Nadolsky, Karl Z; Hurley, Daniel L; Garvey, W Timothy.
  • Nadolsky KZ; From the Department of Diabetes & Endocrinology, Assistant Professor of Medicine, Michigan State University College of Human Medicine, Grand Rapids, Michigan. Electronic address: karl.nadolsky@spectrumhealth.org.
  • Hurley DL; Division of Endocrinology, Diabetes, Metabolism, and Nutrition, Associate Professor of Medicine, Mayo Clinic, Rochester, Minnesota.
  • Garvey WT; Department of Nutrition Sciences, Associate Professor of Medicine, UAB Diabetes Research Center, University of Alabama at Birmingham, Birmingham, Alabama.

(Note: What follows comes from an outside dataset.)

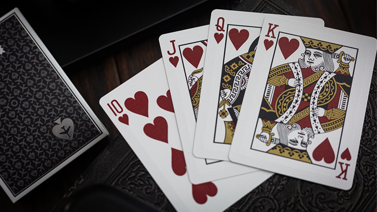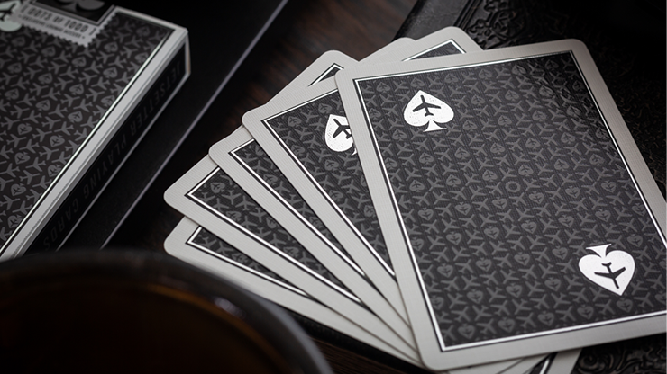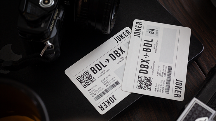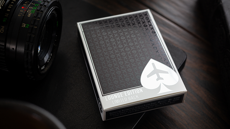 With the Limited Back version of the Lounge Edition in Tarmac Black, the deck provides an upgraded feel over the Standard Back version. The cards showcase re-colored standard faces and have an untraditional offset classic and casino inspired back design that pays homage to the runways utilized by airlines across the globe with the black colorway. On the Limited Back version, the back design is upgraded with both silver foil and clear UV spot varnish. The cards are traditionally cut to provide the ability to weave or faro shuffle facedown. The tuck box exhibits premium features with a durable synthetic stock material, clear UV spot varnish, and more silver foil than the Standard Back version.

Endocr Pract ; 26(8): 923-925, 2020 Aug.
Article in English | MEDLINE | ID: covidwho-1067862
ABSTRACT
The pandemic of novel coronavirus disease 2019 (COVID-19) has triggered an international crisis resulting in excess morbidity and mortality with adverse societal, economic, and geopolitical consequences. Like other disease states, there are patient characteristics that impact clinical risk and determine the spectrum of severity. Obesity, or adiposity-based chronic disease, has emerged as an important risk factor for morbidity and mortality due to COVID-19. It is imperative to further stratify risk in patients with obesity to determine optimal mitigation and perhaps therapeutic preparedness strategies. We suspect that insulin resistance is an important pathophysiologic cause of poor outcomes in patients with obesity and COVID-19 independent of body mass index. This explains the association of type 2 diabetes mellitus (T2DM), hypertension (HTN), and cardiovascular disease with poor outcomes since insulin resistance is the main driver of both dysglycemia-based chronic disease and cardiometabolic-based chronic disease towards end-stage disease manifestations. Staging the severity of adiposity-related disease in a "complication-centric" manner (HTN, dyslipidemia, metabolic syndrome, T2DM, obstructive sleep apnea, etc.) among different ethnic groups in patients with COVID-19 should help predict the adverse risk of adiposity on patient health in a pragmatic and actionable manner during this pandemic.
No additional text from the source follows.